South Devon law firm staff cycle for charity

PUBLISHED: 09:14 05 November 2013 | UPDATED: 09:14 05 November 2013

From left, Tim Woolnough (Director, TNW Financial Services), Matt Johnson and Clive Meredith (Practice Director, Wollen Michelmore)

From left, Tim Woolnough (Director, TNW Financial Services), Matt Johnson and Clive Meredith (Practice Director, Wollen Michelmore)


A massive fundraising effort for the Cystic Fibrosis Trust which was driven by solicitors at leading South Devon Law firm Wollen Michelmore was given a poignant boost when the London to Paris cyclists met a fellow fundraiser who himself had the disease.

Practice Director of Wollen Michelmore Clive Meredith and Tim Woolnough, Director of TNW Financial Services, met cyclist Matt Johnson on their 320-mile marathon effort.

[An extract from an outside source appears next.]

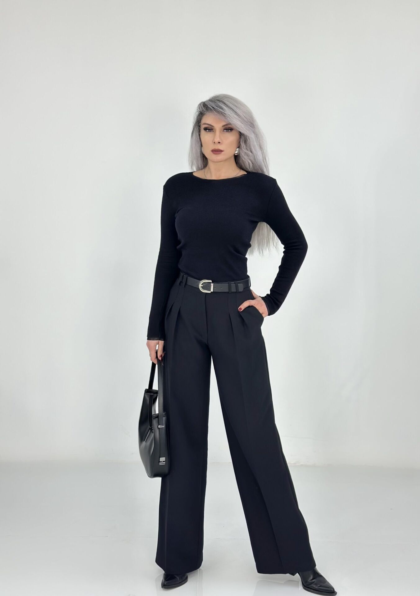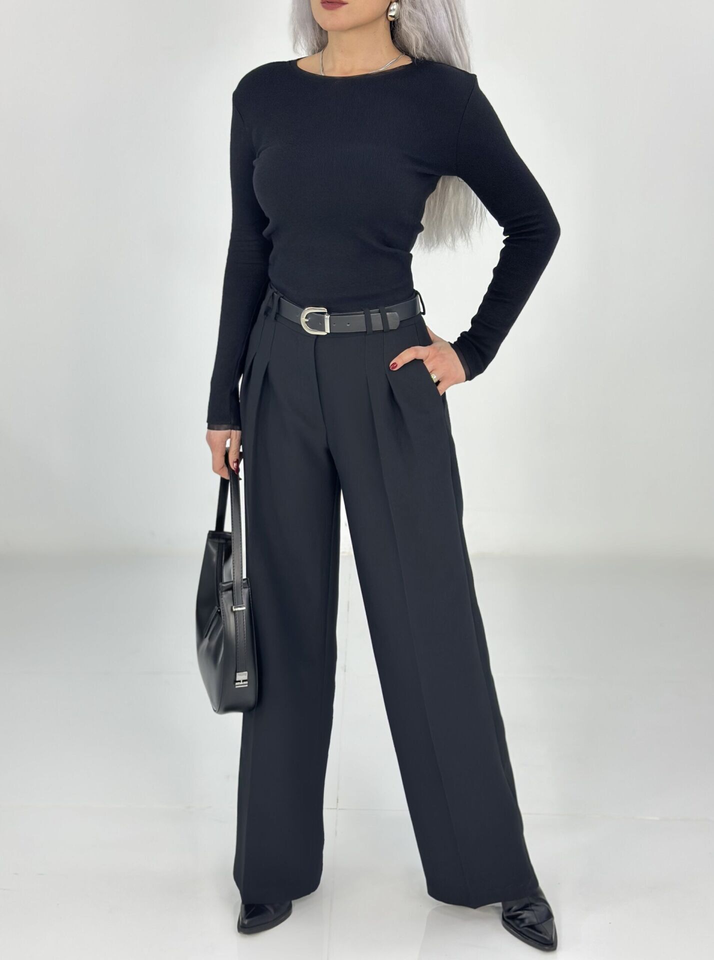 Siyah Kemerli Ön Çift Pileli Bol Paça Kumaş Pantolon
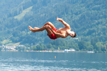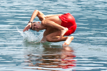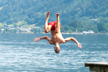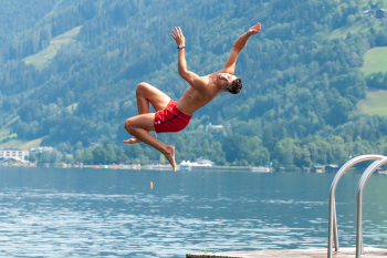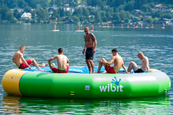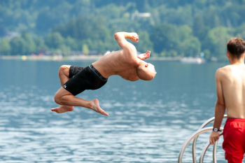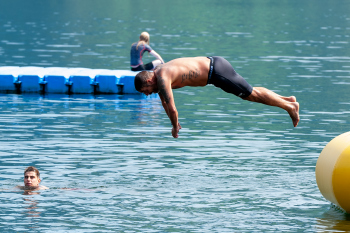 Nach dem Training sucht man die abkühlung im See, Daley Sinkgraven (Bayer 04 Leverkusen), Co-Trainer Hendrie Krüzen (Bayer 04 Leverkusen), Kai Havertz (Bayer 04 Leverkusen) und Torwart Niklas Lomb (Bayer 04 Leverkusen).

Clive says: “It was hard enough for us to complete the ride, but I am in awe of Matt who managed to do exactly the same as us with this debilitating lung disease. He was a great inspiration and it gave us the boost we needed to truly understand why we wanted to raise this money.”

Matt adds: “It was great meeting Tim and Clive and with our CF shirts we looked like a proper team. It was quite emotional cycling into Paris and this has certainly been my greatest achievement. We all kept each other going when it got tough, and it was really good to be able to share some of the realities of life with CF with them.”

Clive, Tim and Matt took four days to complete their ride, averaging 80 miles a day.

On the same weekend, Wollen Michelmore solicitor Magdalene Bristow and her friends Katie Farmer and Rachael Baird set off from Glen Nevis and started the 4,409 feet ascent up the highest mountain on the British Isles.

The charity was chosen in memory of one of Magdalene’s best friends Rachel Banks who also grew up in Torquay. Rachel was diagnosed with Cystic Fibrosis at the age of three months and died in 2008 at the age of just 24.

Magdalene says: “It was an amazing experience, not only to reach the summit of Ben Nevis, but to do it with 40 other people connected to CF. It is rare to be amongst so many people who have been affected by CF and unfortunately the majority of participants were conquering the Ben in memory of a loved one they had lost to the disease.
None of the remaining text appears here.